Creating the replication task

Run the following AWS CLI commands to create and start the task respectively.

aws dms create-replication-task \
    --replication-task-identifier mssql-to-kinesis-cdc
    --source-endpoint-arn arn:aws:dms:<your-region>:<your-account-id>:endpoint:<your-source-endpoint-id> \
    --target-endpoint-arn arn:aws:dms:<your-region>:<your-account-id>:endpoint:<your-target-endpoint-id> \
    --replication-instance-arn arn:aws:dms:<your-region>:<your-account-id>:rep:<your-replication-instance-id> \
    --migration-type cdc \
    --table-mappings file://table-mapping-rules.json \
    --replication-task-settings file://task-settings.json \
    --resource-identifier mssql-to-kinesis-cdc
aws dms start-replication-task \
    --replication-task-arn arn:aws:dms:<your-region>:<your-account-id>:task:<your-task-id> \
    --start-replication-task-type start-replication

Note that, because this is a continuous replication task, you can decide at what point in time in the database you want to start the replication from and when to stop. You can also stop and resume the task.

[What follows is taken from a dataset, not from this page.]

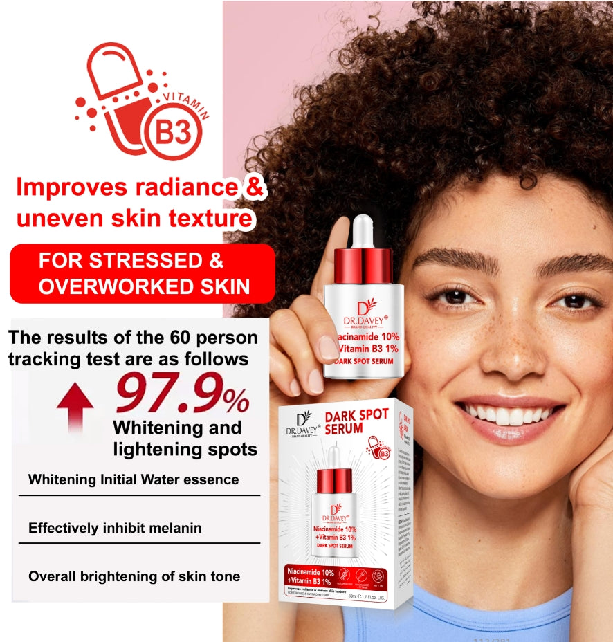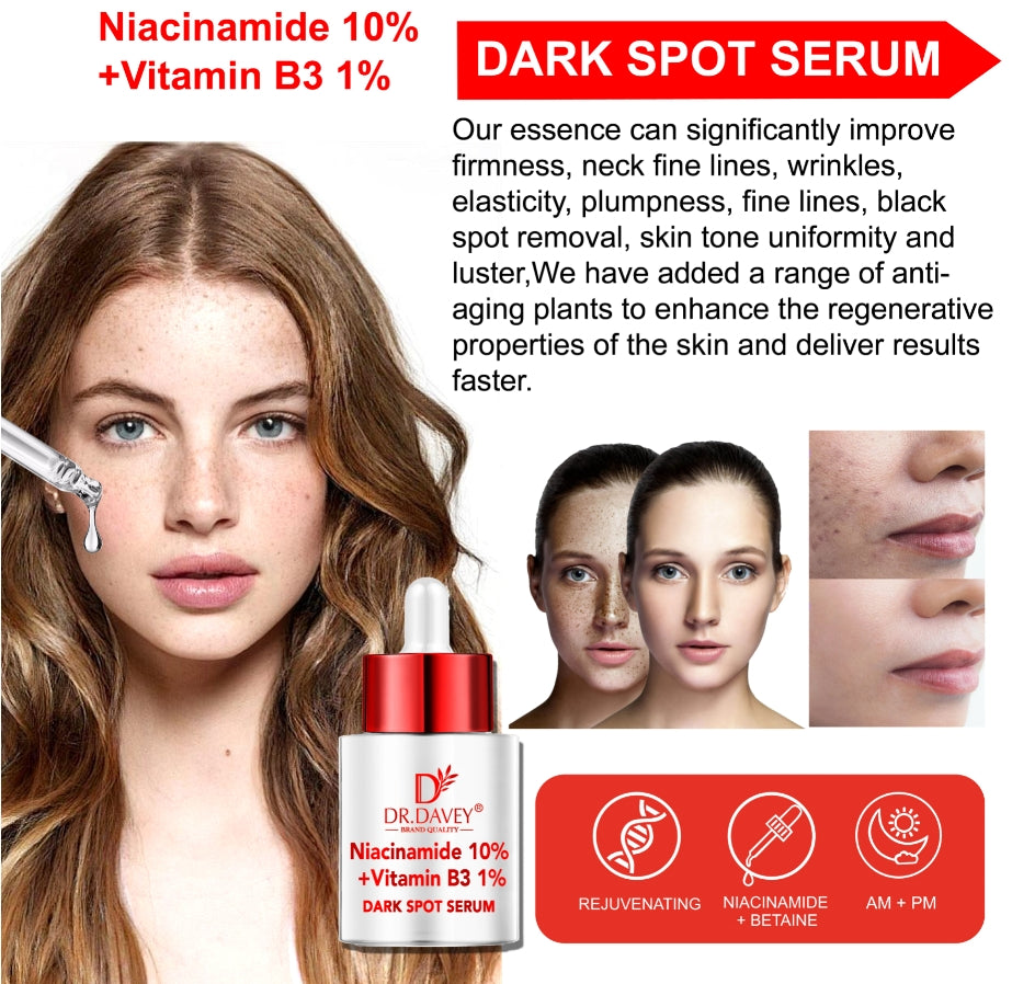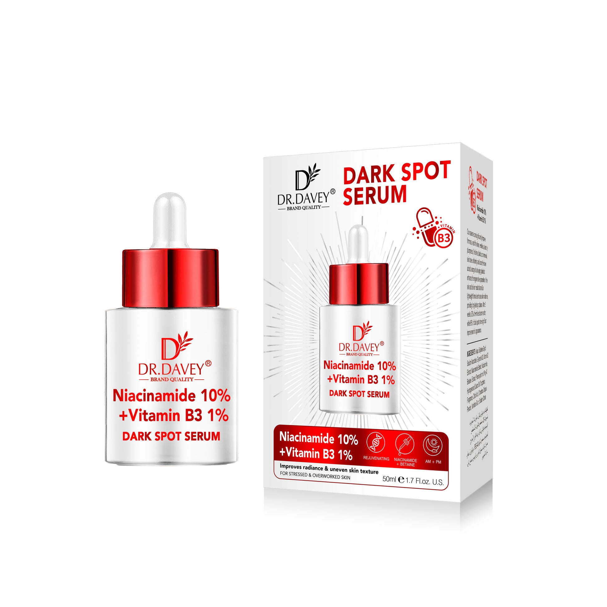 Say goodbye to stubborn dark spots and uneven skin tone with Dr. Davey Dark Spot Serum – a powerful, fast-acting formula designed to visibly fade hyperpigmentation, age spots, acne scars, and sun damage. Enriched with brightening botanicals, Vitamin C, and Niacinamide, this serum penetrates deep into the skin to lighten discoloration while promoting a smoother, more radiant complexion.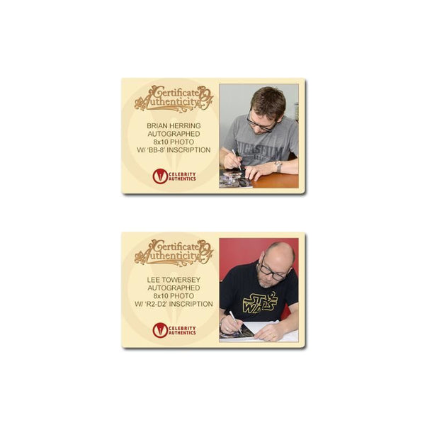 This 8x10 photo of BB-8 and R2D2 from Star Wars: The Force Awakens has been personally hand-signed by the master craftsmen who brought them to life, Brian Herring and Lee Towersey during their signings with Celebrity Authentics. As a new threat to the galaxy rises, Rey, a desert scavenger, and Finn, an ex-stormtrooper, must join Han Solo and Chewbacca to search for the one hope of restoring peace. Experience the motion picture event of a generation in Star Wars: The Force Awakens. Ships affixed with Celebrity Authentics serial-numbered and tamper evident Authentication Hologram and includes Celebrity Authentics Certificates of Authenticity featuring picture of Brian and Lee signing photo. Please note: with multiples signed by the actor, a sample photo is used from stock to represent what you will receive. Exact autograph size and placement may vary.

After a few minutes, your task should be in the state “Replication ongoing“.

Task state Figure 3: Task state

Testing the solution

To test the solution, perform some update, insert or delete in one of the two source tables, for example, run the following SQL statement against your source database:

UPDATE AdventureWorks2019.Production.ProductReview
SET Rating = 5 WHERE ProductReviewID = 2

Wait for about a minute until the replication task has written into your Kinesis data stream and then read from the stream.

If you are running this tutorial from a Unix-type command processor such as bash, you can automate the acquisition of the shard iterator using a nested command, like this (scroll horizontally to see the entire command):

SHARD_ITERATOR=$(aws kinesis get-shard-iterator --shard-id shardId-000000000000 --shard-iterator-type TRIM_HORIZON --stream-name <your-stream-name> --query 'ShardIterator')
aws kinesis get-records --shard-iterator $SHARD_ITERATOR --query "Records[-1].Data" | sed 's/"//' | base64 --decode

If you are running this tutorial from a system that supports PowerShell, you can automate acquisition of the shard iterator using a command such as this (scroll horizontally to see the entire command):

aws kinesis get-records --shard-iterator ((aws kinesis get-shard-iterator --shard-id shardId-000000000000 --shard-iterator-type TRIM_HORIZON --stream-name Foo).split('"')[4])`

Conclusion

In this article, I have shown how to set up a replication task to stream changes in a relational databases into a data stream.